■ **REQUIRED WORK**: Starting with the first line below, extract each line through the one that contains "41 小小一戰場, 小小一戰場", inclusive, excluding pictures.

───── DATA SHOWN ─────

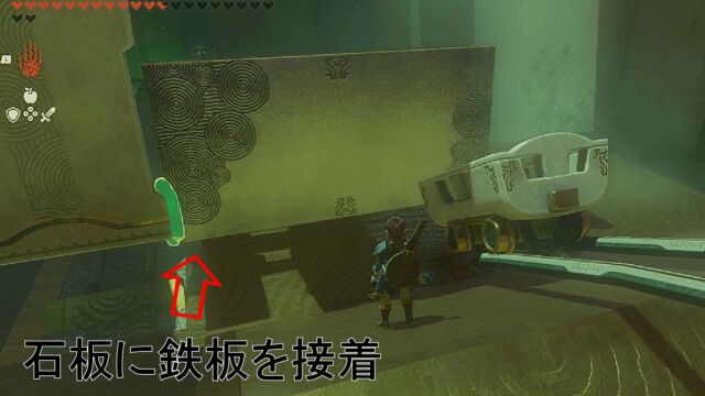 10. トロッコに乗ってから石板を持ち上げ、トロッコに当てた衝撃でゴールに向かう。
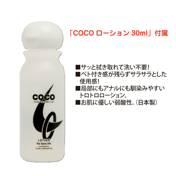 容量250mlのシリコンタンクで、いっぱい洗えて大満足!アナルにも馴染みやすい、洗い不要のCOCOローション(30ml)付き。
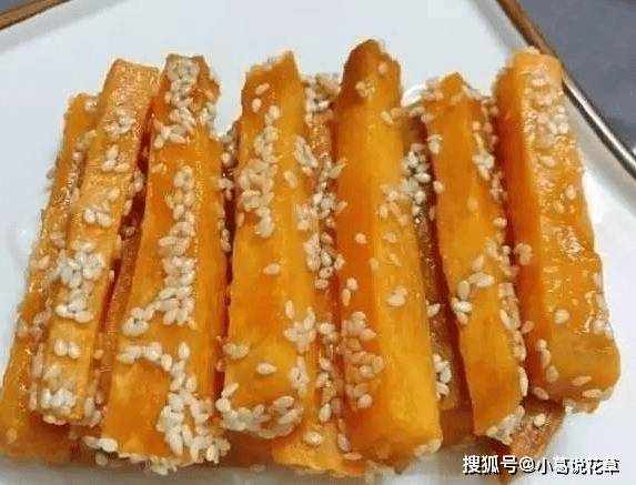 香甜酥脆的紅薯和芝麻條就做好瞭。你必須趁熱吃它們。紅薯條炸好後,我們迅速在上面塗上糖漿,久瞭紅薯條就變軟瞭。很好吃,所以我們需要先把糖漿炒一下,以後再用。如果不想炒糖漿,可以炒完再吃,也可以蘸著番茄醬一起吃。你都學會瞭嗎?那就給孩子做吧,比外面買的薯條吃還舒服!
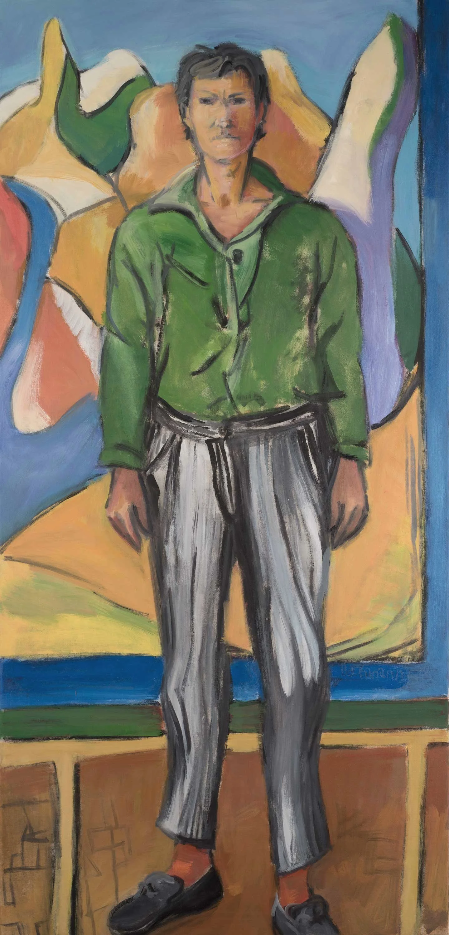 "Selbstbildnis mit Bergenbild", 1983, oil on canvas , 150×71cm, CHF 4200.-
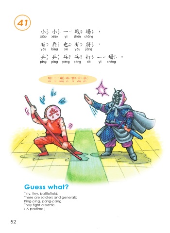 41 小小一戰場, 小小一戰場 有兵也有 將 , 有兵也有將 乒乒乓乓打 一 場。 乒乒乓乓打一場 猜 一 種娛樂用品 猜一種娛樂用品 Guess what? Tiny, tiny, battlefield, There are soldiers and generals; Ping-ping, pang-pang, They fight a battle. ( A pastime ) 52
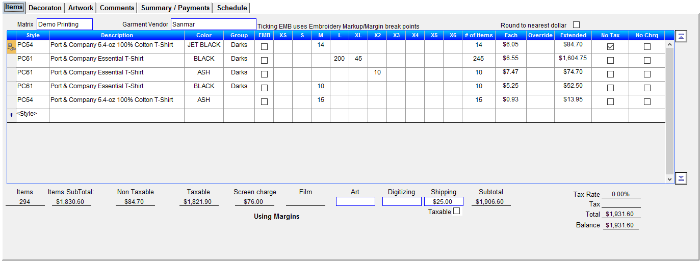 You can now start entering the amount of garments. You can enter quatities for XS to XL on the same line but sizes X2 to X6 must be entered on separate lines.
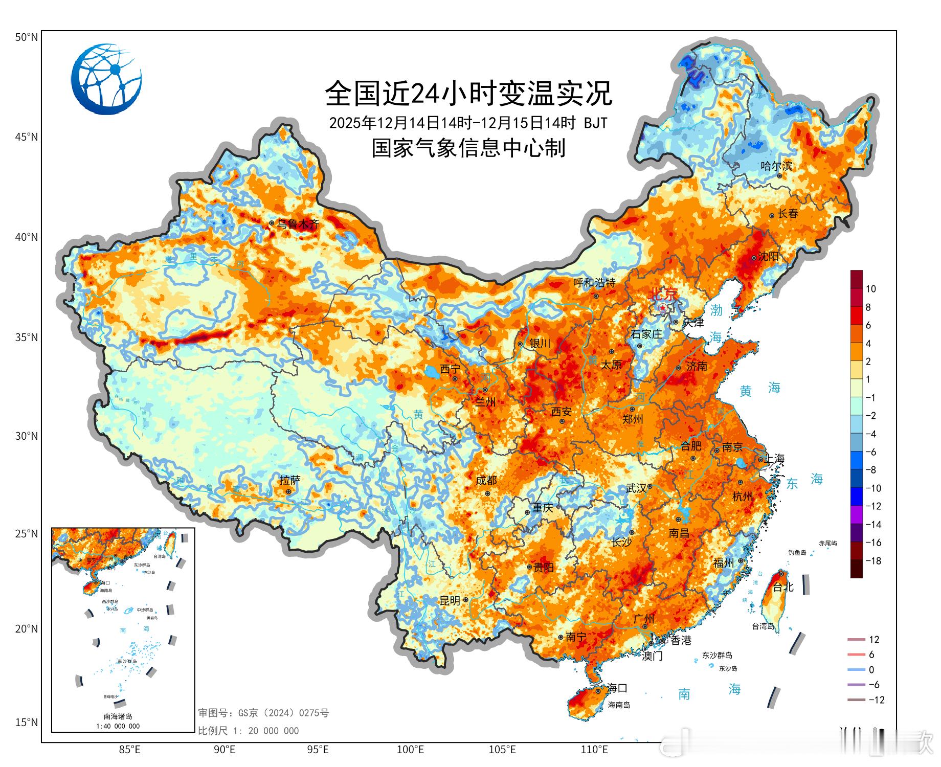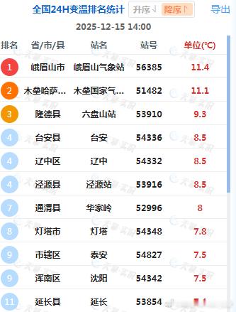 【升温】今天我国大部地区气温回升。四川峨眉山升11.4℃、新疆木垒升11.1℃、宁夏六盘山升9.3℃,为14时全国升温前三站点。14时0℃线北抬到内蒙古和辽宁吉林交界一带。
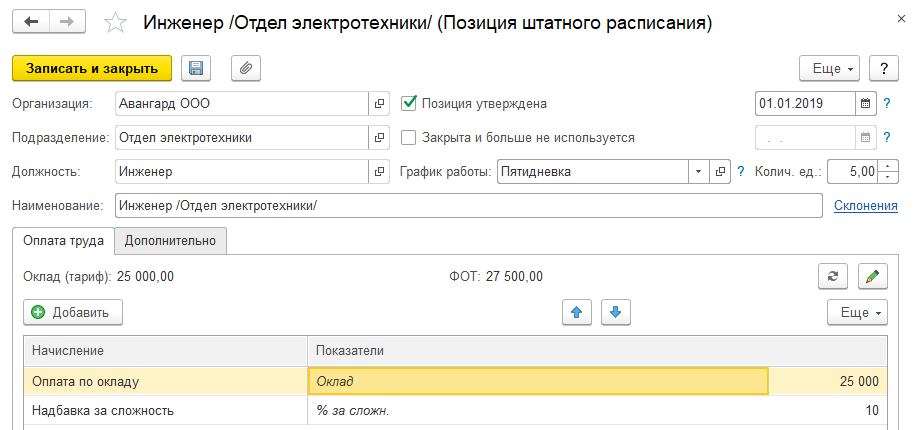 2. Аналогичным образом добавим позицию "Инженер/ Отдел электротехники":
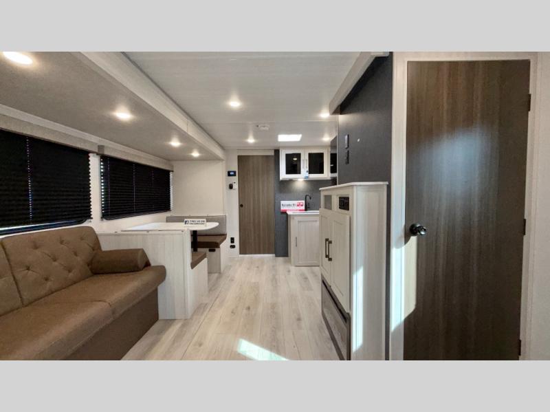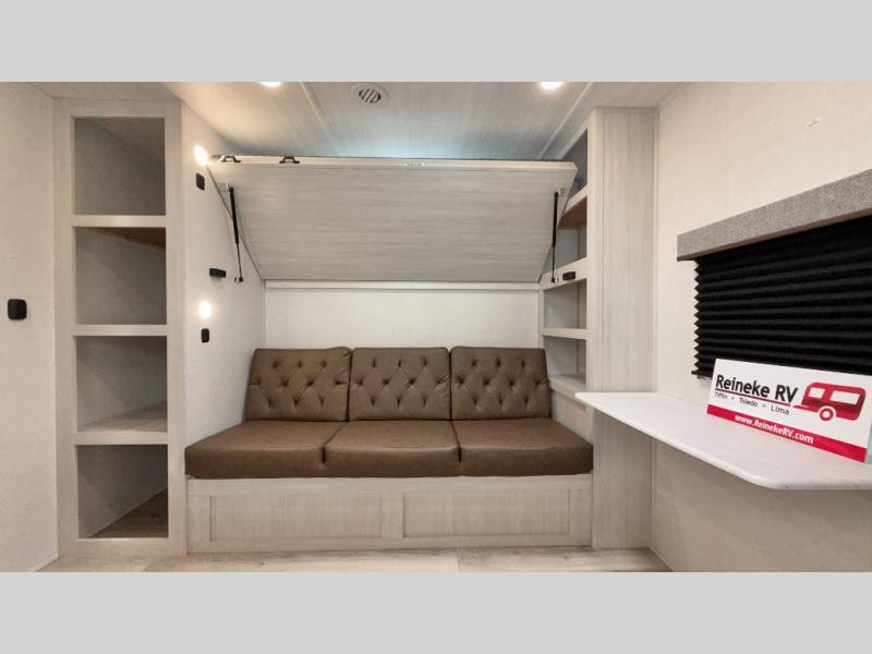 Dual Entry, Rear Private Bunkhouse, Private Queen Bed, Solar Panel, On Demand Water Heater, Walk in Pantry with Washer / Dryer Prep, Booth Dinette, Sofa, Entertainment Center, Fireplace, Walk-Thru Bath, Spare Tire and Sealed Underbelly w/ Forced Heat
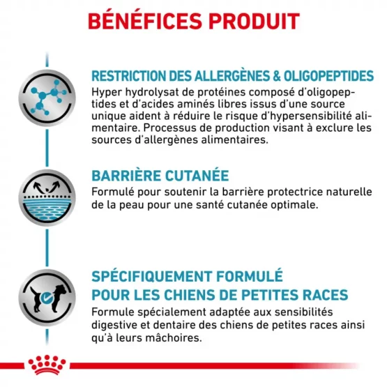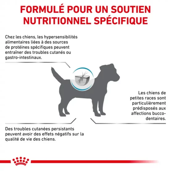 Aliment complet pour chiens formulé pour réduire les intolérances alimentaires dans le cadre d’un régime d’éviction. Taille des croquettes adaptée aux petits chiens.
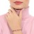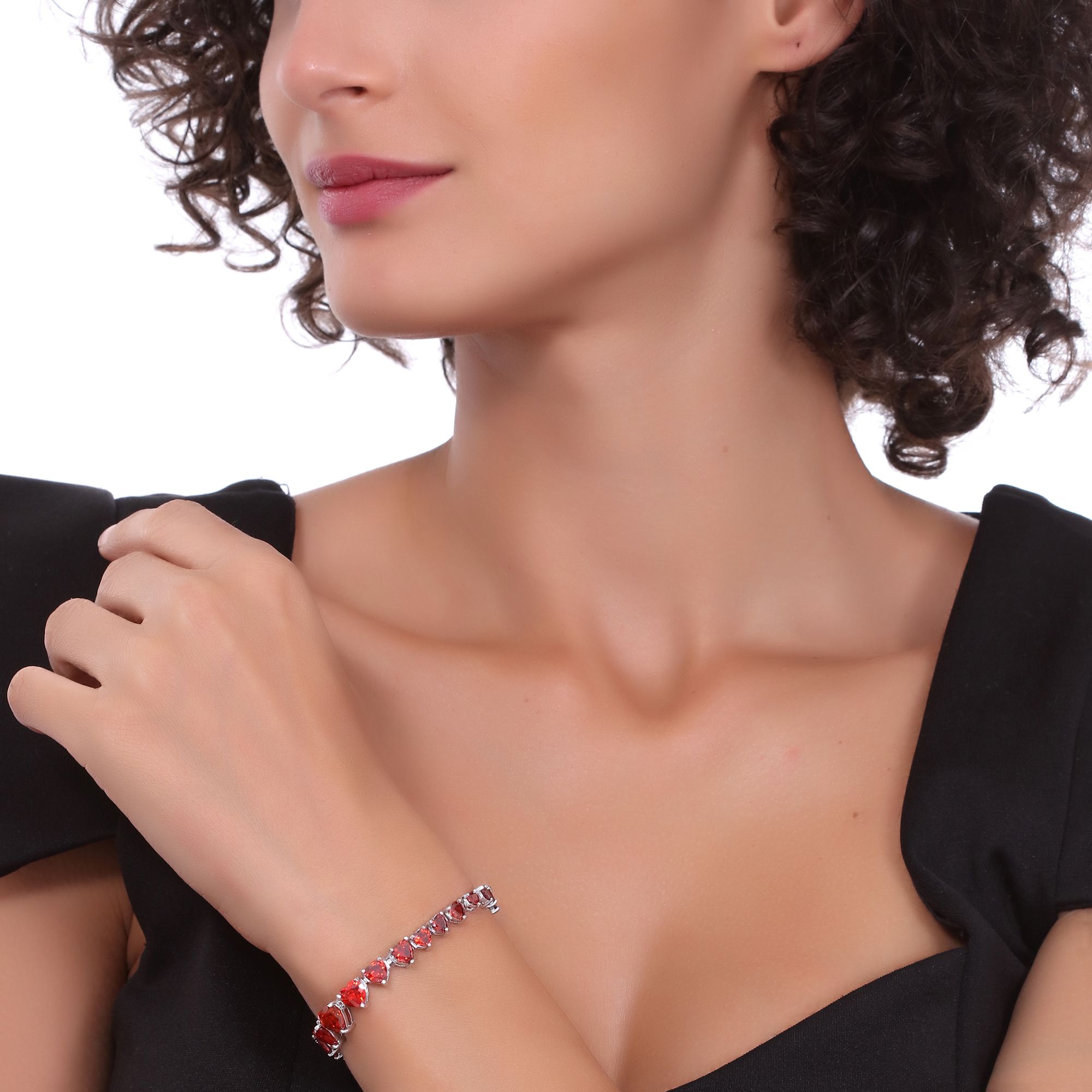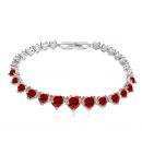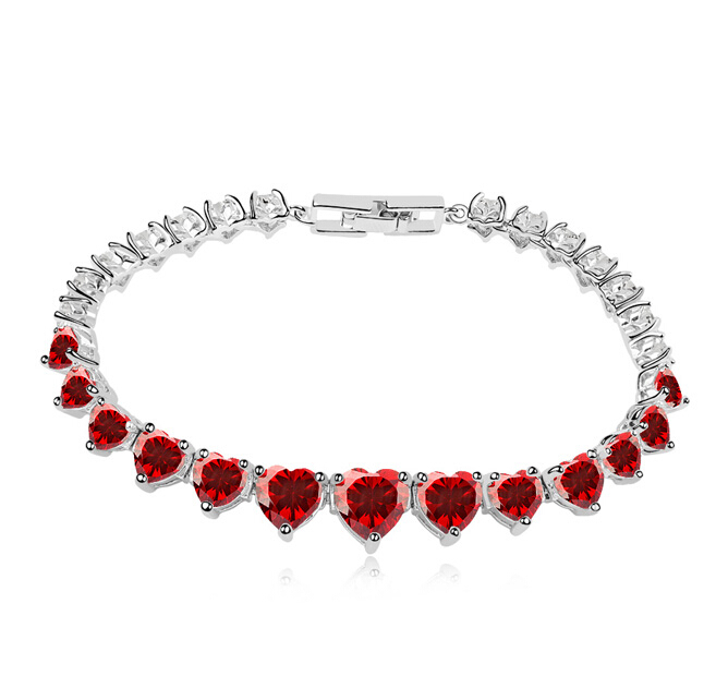 Elegante brazalete, en baño de oro blanco de 18 quilates, fino diseño de corazones en cristal rojo.
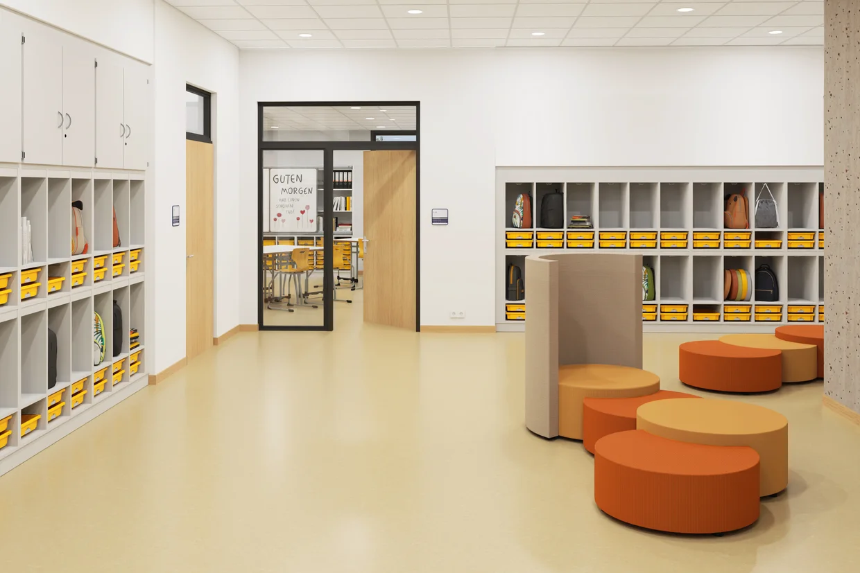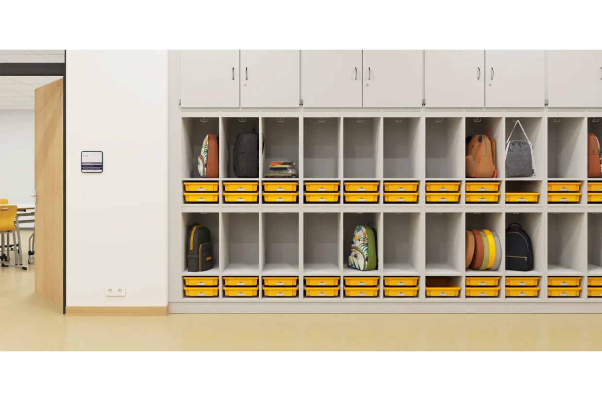 4032.641 Fatageymsla Snagarnir og geymsluboxin bjóða nemendum uppá þæginlega leið til að geyma öll þau útiföt sem þau nota dagsdaglega
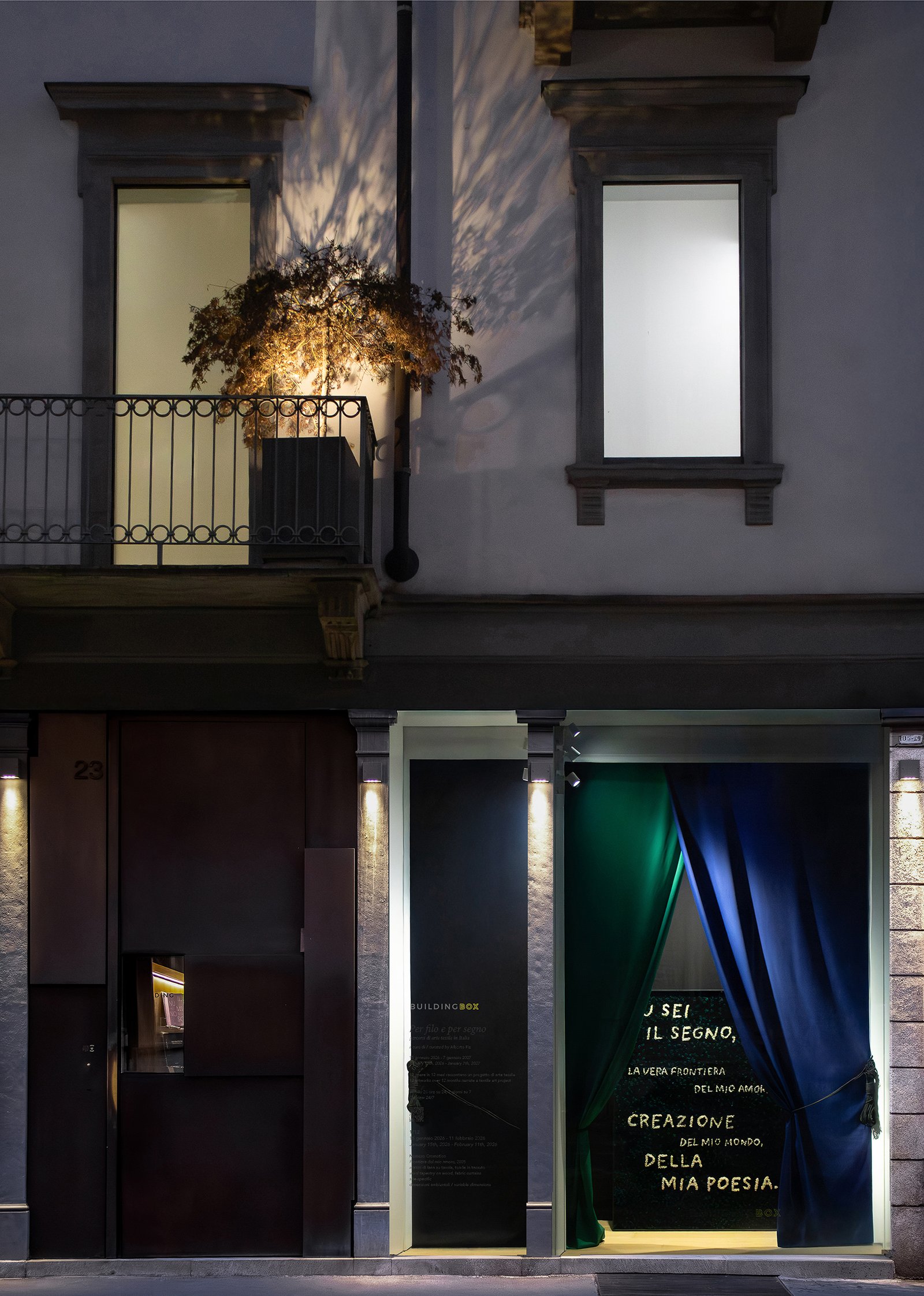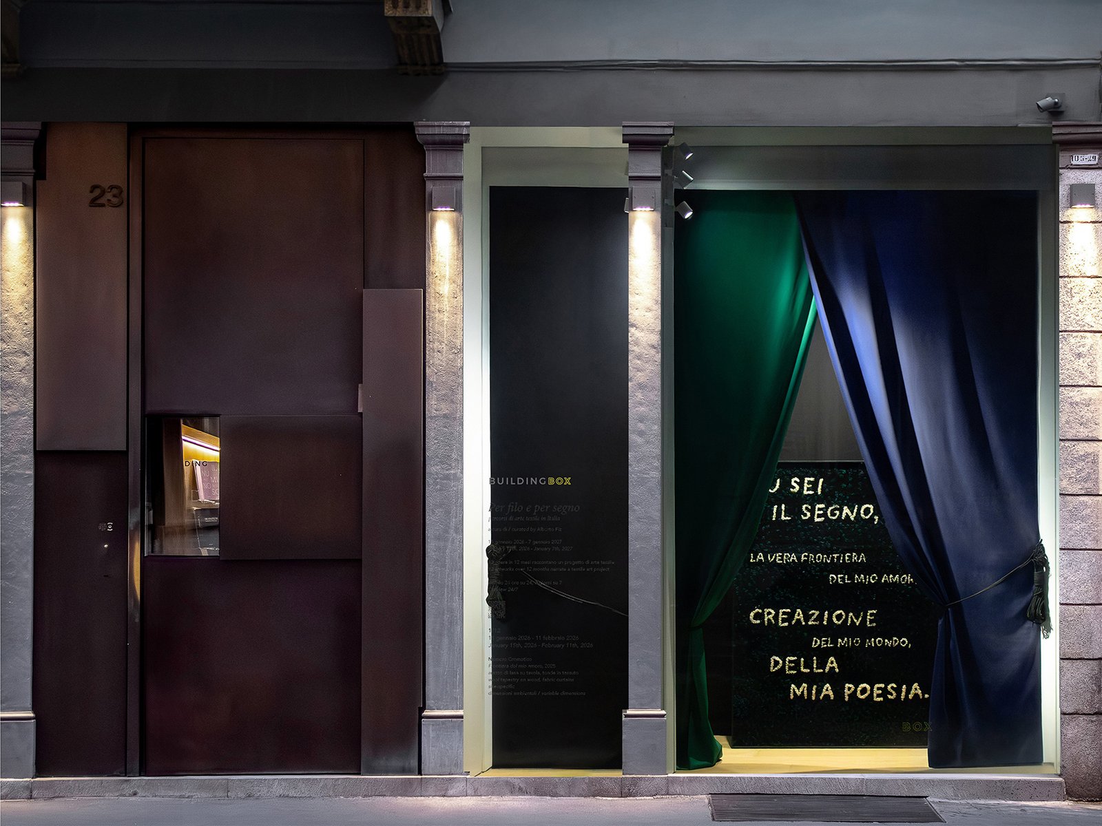 Dal 15 gennaio 2026 al 6 gennaio 2027, BUILDING BOX presenta Per filo e per segno. Percorsi di arte tessile in Italia, un progetto espositivo a cura di Alberto Fiz che coinvolge dodici artisti italiani di generazioni differenti, invitati a riflettere sul tema del tessile contemporaneo. Nel corso del 2026, la rassegna propone, in dodici appuntamenti individuali a cadenza mensile, una selezione di arazzi, abiti, installazioni, sculture e lavori site-specific. I primi tre artisti proposti da BUILDING BOX sono: Numero Cromatico (collettivo artistico nato a Roma, 2011), Paola Anziché (Milano, 1975) e Maurizio Donzelli (Brescia, 1958).

─────

■ **WRITTEN SOLUTION**:
 10. トロッコに乗ってから石板を持ち上げ、トロッコに当てた衝撃でゴールに向かう。
 容量250mlのシリコンタンクで、いっぱい洗えて大満足!アナルにも馴染みやすい、洗い不要のCOCOローション(30ml)付き。
 香甜酥脆的紅薯和芝麻條就做好瞭。你必須趁熱吃它們。紅薯條炸好後,我們迅速在上面塗上糖漿,久瞭紅薯條就變軟瞭。很好吃,所以我們需要先把糖漿炒一下,以後再用。如果不想炒糖漿,可以炒完再吃,也可以蘸著番茄醬一起吃。你都學會瞭嗎?那就給孩子做吧,比外面買的薯條吃還舒服!
 "Selbstbildnis mit Bergenbild", 1983, oil on canvas , 150×71cm, CHF 4200.-
 41 小小一戰場, 小小一戰場 有兵也有 將 , 有兵也有將 乒乒乓乓打 一 場。 乒乒乓乓打一場 猜 一 種娛樂用品 猜一種娛樂用品 Guess what? Tiny, tiny, battlefield, There are soldiers and generals; Ping-ping, pang-pang, They fight a battle. ( A pastime ) 52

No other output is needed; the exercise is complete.